## WORK REQUIRED
Write out, word for word, the part of the listing below that opens with the line containing "وُلِدتْ موجةٌ صغيرةٌ" and closes with the line containing "Jacksonville utematgrupp; 110", keeping both of those lines and adding no others.

## RECORDS PROVIDED

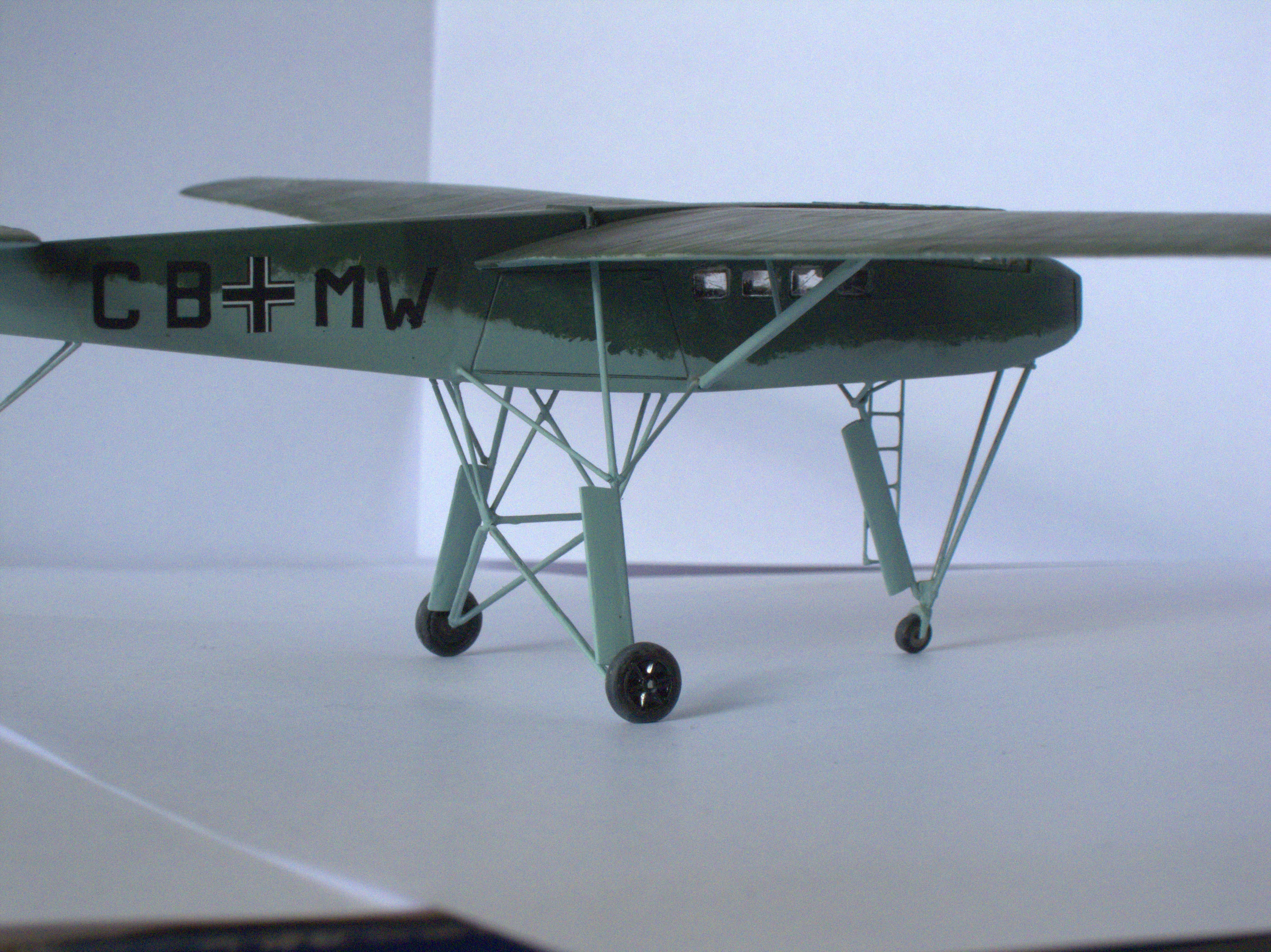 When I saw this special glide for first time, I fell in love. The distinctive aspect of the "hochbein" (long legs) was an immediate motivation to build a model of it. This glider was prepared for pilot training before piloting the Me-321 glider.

--

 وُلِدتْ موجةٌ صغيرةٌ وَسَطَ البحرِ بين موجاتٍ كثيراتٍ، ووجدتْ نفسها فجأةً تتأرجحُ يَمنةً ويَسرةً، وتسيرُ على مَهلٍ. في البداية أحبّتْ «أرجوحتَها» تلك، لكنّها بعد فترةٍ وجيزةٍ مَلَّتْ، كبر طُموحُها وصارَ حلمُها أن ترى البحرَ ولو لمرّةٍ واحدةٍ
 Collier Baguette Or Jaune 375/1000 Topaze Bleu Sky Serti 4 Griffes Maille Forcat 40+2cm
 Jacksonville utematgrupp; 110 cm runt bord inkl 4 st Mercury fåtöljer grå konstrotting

## YOUR RESPONSE
 وُلِدتْ موجةٌ صغيرةٌ وَسَطَ البحرِ بين موجاتٍ كثيراتٍ، ووجدتْ نفسها فجأةً تتأرجحُ يَمنةً ويَسرةً، وتسيرُ على مَهلٍ. في البداية أحبّتْ «أرجوحتَها» تلك، لكنّها بعد فترةٍ وجيزةٍ مَلَّتْ، كبر طُموحُها وصارَ حلمُها أن ترى البحرَ ولو لمرّةٍ واحدةٍ
 Collier Baguette Or Jaune 375/1000 Topaze Bleu Sky Serti 4 Griffes Maille Forcat 40+2cm
 Jacksonville utematgrupp; 110 cm runt bord inkl 4 st Mercury fåtöljer grå konstrotting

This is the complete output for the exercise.